Я подарю тебе землю (ЛП) - Йоренс Чуфо. Страница 4

Няня протянула ей голубую подвязку.

— Что это?

— Не надо спрашивать, — няня поднесла палец к губам. — Просто наденьте на ногу — только повыше, чтобы не увидели всякие любопытные особы, — она указала на трех дам, шушукающихся в углу комнаты. — На моей родине, в Серданье, считается, что это приносит счастье, здесь же это называют колдовством.

Эрмезинда посмотрела ей в глаза, проворно сбросила остроносую туфлю и надела подвязку на бедро, затянув тугой петлей, потом опустила подол сорочки, нижней юбки и наконец — роскошного блио.

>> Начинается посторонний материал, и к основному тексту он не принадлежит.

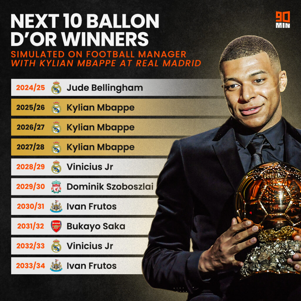 A legnépszerűbb futballszimulátorban, a Football Managerben végeztek el egy szimulációt annak apropóján, hogy hogyan fog alakulni az elkövetkező tíz év aranylabdásainak listája azután, hogy Kylian Mbappé minden bizonnyal a Real Madridhoz igazol:

— Я не задумываясь брошусь в реку, если вы велите, — заверила она. — Как же я люблю вас, няня! Если бы вы не смогли поехать со мной в Барселону, я бы не вышла замуж. Без вас я чувствую себя совершенно беспомощной, как заблудившаяся в лесу девочка...

И тут ее сознание затуманилось, образы поплыли в причудливом хороводе, продолжая волновать и тревожить, несмотря на прошедшие годы.

Пиршественный зал, где собрались гости обоих дворов, блистал роскошью и великолепием. Огромный стол, тянувшийся от края до края, был уставлен богатыми и изысканными яствами; между ними стояли тяжелые канделябры, освещая все это великолепие. Здесь были громадные супницы, испускавшие облака ароматного пара; целые туши оленей на вертеле; рыба, доставленная во льду с недалекого средиземноморского побережья; и бесчисленные кубки, готовые вместить самые разнообразные и прославленные вина региона.

Во главе стола возвышались четыре трона — для ее родителей, Роже I и Аделаиды де Гавальды, и для родителей супруга, Борреля II и Легарды Руэрг. По обе стороны стояли два кресла пониже: одно — для ее мужа, возле трона ее матери, и другое — для нее самой, рядом с троном свекра. Музыканты на галерее заиграли веселую мелодию. Две графских четы с достоинством заняли места, а гости — свои, в строгом соответствии со знатностью и степенью родства с хозяевами.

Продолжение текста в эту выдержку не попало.